The present invention provides a granular material discharging device for discharging a granular material contained in a back body of a flexible container through a discharge sleeve communicating with the inside of the back main body, and a granular material using the granular material discharging device. It relates to body discharge method.

Conventionally, a flexible container is used as a bag material for transporting or storing a granular material in a factory that handles the granular material. Currently, a flexible container having a back main body and a discharge sleeve communicating with the back main body is widely used. In this type of flexible container, the discharge sleeve is closed with a string or the like, and then the granular material is introduced from the inlet provided in the upper portion of the back body, and the granular material is placed in the back body. After making it exist, the inlet is closed, and in this state, it is used for transportation and storage.

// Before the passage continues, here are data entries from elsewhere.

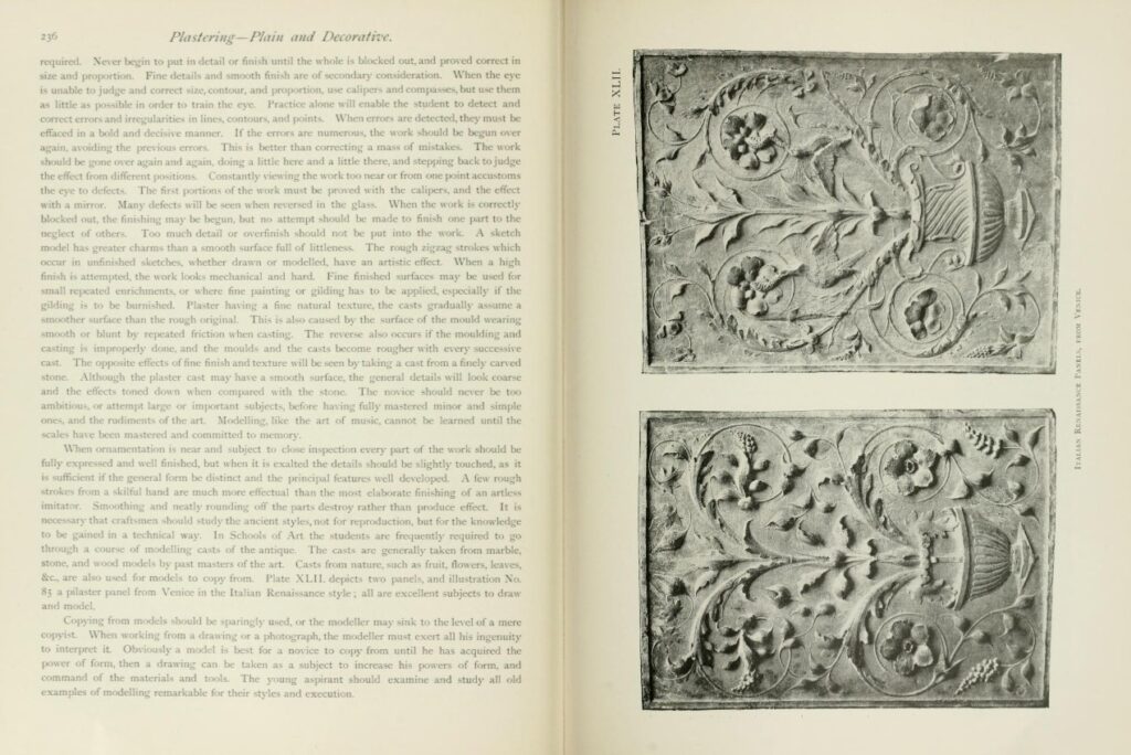 With a little practice with the material, it is just as easy to model in cement or stucco as in clay (…) Hand work is simply modelling direct with stucco, cement, or plaster. The work may be done in situ or on slabs, and then fixed. The art of hand work in the past had a wider range than at present, when all the ornamental work was done by hand, executed in the freest manner in soft plaster, and with excellent effect on the walls and ceilings of which they form the decorations6.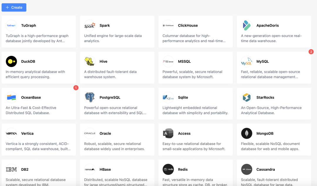 ?支持OceanBase数据源 安装参考:https://github.com/oceanbase/oceanbase dockerrun-p2881:2881--nameoceanbase-ce-eMODE=mini-doceanbase/oceanbase-cedockerexec-itoceanbase-ceob-mysqlsys#Connecttotherootuserofthesystenant.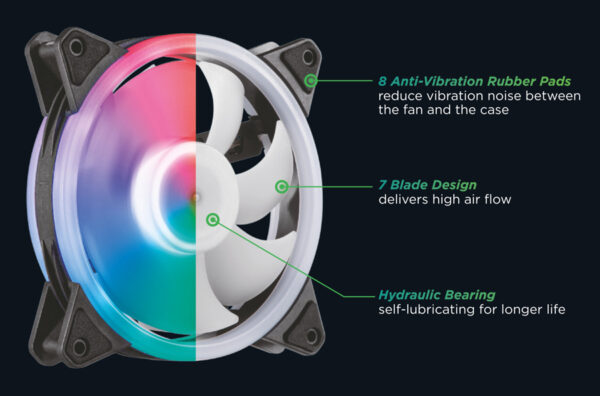 Ο ανεμιστήρας της Powertech προσφέρει υψηλής απόδοσης ψύξη και αθόρυβη λειτουργία. Εξοπλίζεται με κομψό RGB LED φωτισμό και από τις 2 πλευρές που προσδίδει μαγευτική εμφάνιση και αισθητική στο desktop σας.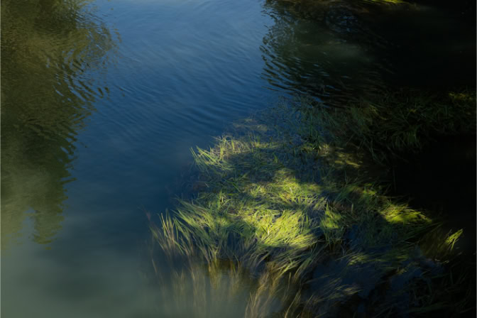 Water, land, muur en stilleven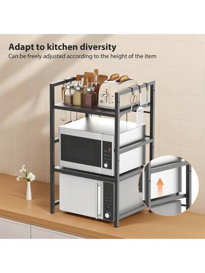 Royalswill Expandable Microwave Rack, Organiser, 2 Tier Microwave Rack Storage Rack Kitchen Corner Rack Desktop Printer Rack, Baker's Rack - Black - View 1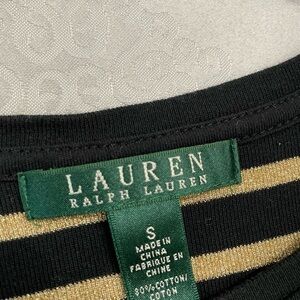 Ralph Lauren black with gold stripes size S . Long sleeve, new no tag 80% cotton. Pit to pit 14 “length 23” sleeve 23”.

And in discharging the granular material from this flexible container, after hanging the flexible container in a state in which the side where the discharge sleeve exists is directed downward, by releasing the string by releasing the string, Means for discharging the powder particles downward through the discharge sleeve is employed.

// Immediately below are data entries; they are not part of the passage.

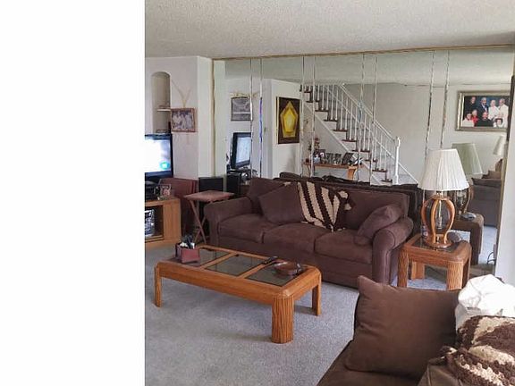 Welcome to this well maintained home. Living Room with mirrored wall, dining room with a sliding glass door leading out to a large deck. - Neat kitchen with countertop, 3 nice size bedrooms, finished basement with powder room and laundry room - garage with electronic door opener and inside access to basement - wall to wall carpeting - central air - some newer Windows. Location convenient to public transportation and local malls.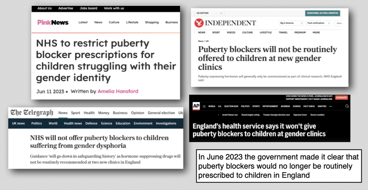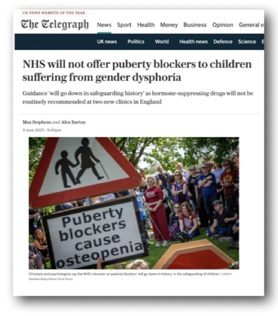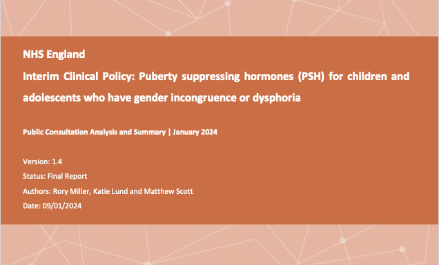 In June 2023 the NHS announced that following “advice from Dr Hilary Cass’ Independent Review highlighting the significant uncertainties surrounding the use of hormone treatments” they wished to make clear “that the NHS will only commission puberty supressing hormones as part of clinical research.”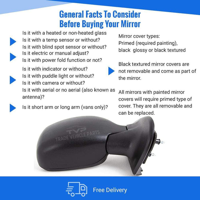 Fits Renault Kangoo 2003-2009 Door Wing Mirror Electric Heated Black Driver Side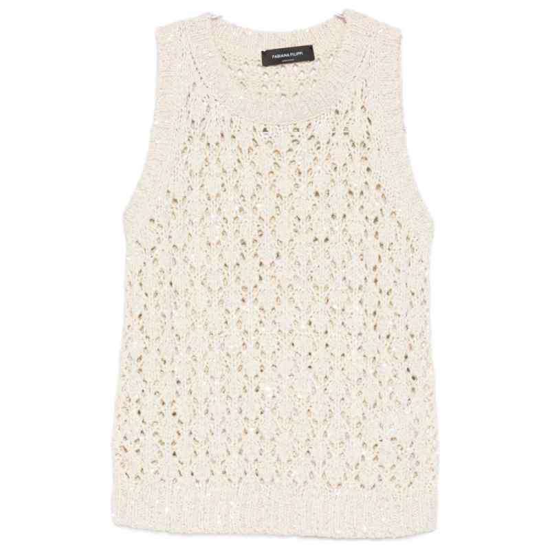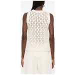 light beige open-knit pattern crew neck sleeveless Sleeveless top.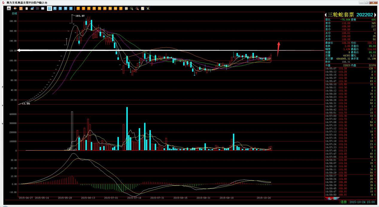 建议投资者关注三轮蛇套票,该品种今日企稳于100元一线,后市若能向上运行有冲击120元一线的潜力。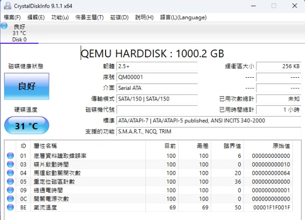 CrystalDiskInfo也能抓到一部分BTRFS硬碟的資訊。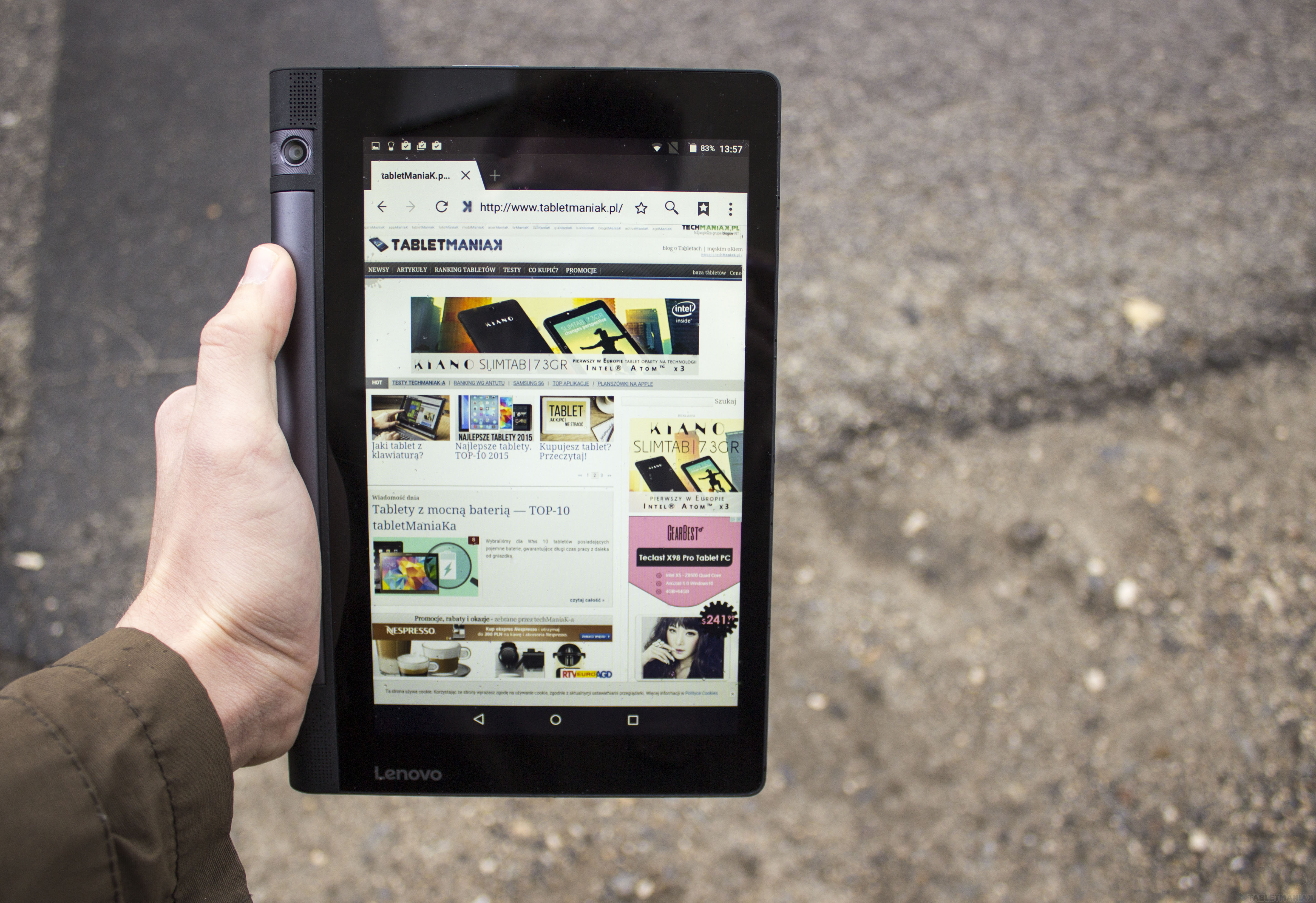 Choć w ofercie Lenovo nie brakuje fajnych modeli z ekranem o przekątnej 7 cali, to cieszy mnie fakt, że Lenovo Yoga Tab 3 otrzymał 8-calowy wyświetlacz. Nie jest duży, dlatego nie ujmuje niczego z mobilności tabletu, a jednocześnie wydaje mi się lepszy w obsłudze. Mamy wystarczająco dużo miejsca, aby wygodnie przeglądać strony internetowe w widoku komputerowym czy oglądać filmy i zdjęcia.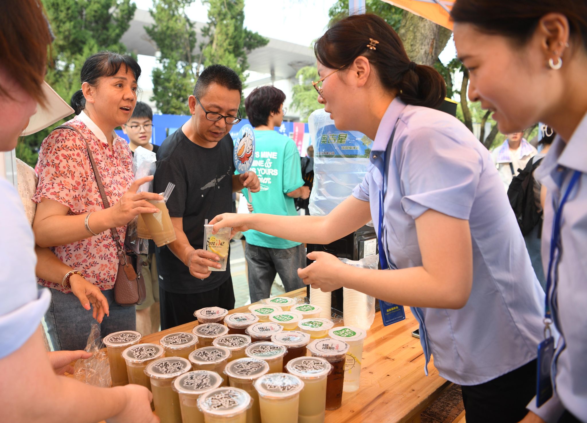 在免费饮品发放点,后勤保障部饮食服务中心的刘岩和同事们,共同参与了迎新送冷饮服务。她们表示,在炎炎夏日,为刚刚踏入大学校门的新生和家长们送上清凉的饮品,看到他们因为这份小小的关怀而露出的笑容,她和同事们的内心涌上一股满足和喜悦,也更加坚定了为师生服务、为学校贡献的信念。据介绍,现场一共准备了饮用纯净水、绿豆沙、酸梅汤、柠檬汁四类饮品,迎新期间不限量供应。

At this time, in order to prevent the powder particles from being scattered around, a discharge pipe is connected to the discharge sleeve via a connecting jig, and the powder particles discharged from the discharge sleeve are isolated from the outside world. Measures to be introduced into the payout pipe are also taken. In addition, the granular material introduced into the said discharge pipe is pneumatically transported through the conduit of the transport pipe connected with the said discharge pipe, for example.

By the way, when discharging the granular material from the flexible container, the granular material forms a so-called “bridge” in the lower portion of the back main body or in the discharge sleeve, and it becomes difficult to quickly discharge the granular material. There is.

Therefore, recently, when discharging the granular material, means for introducing air into the back body through the discharge sleeve to break the bridge and improving the fluidity of the granular material has been developed ( For example, see Patent Document 1 below).

JP 2004-131274 A

By the way, in order to sufficiently improve the fluidity of the granular material, it is necessary to allow the air introduced through the discharge sleeve to reach the deep part of the back body while maintaining the momentum.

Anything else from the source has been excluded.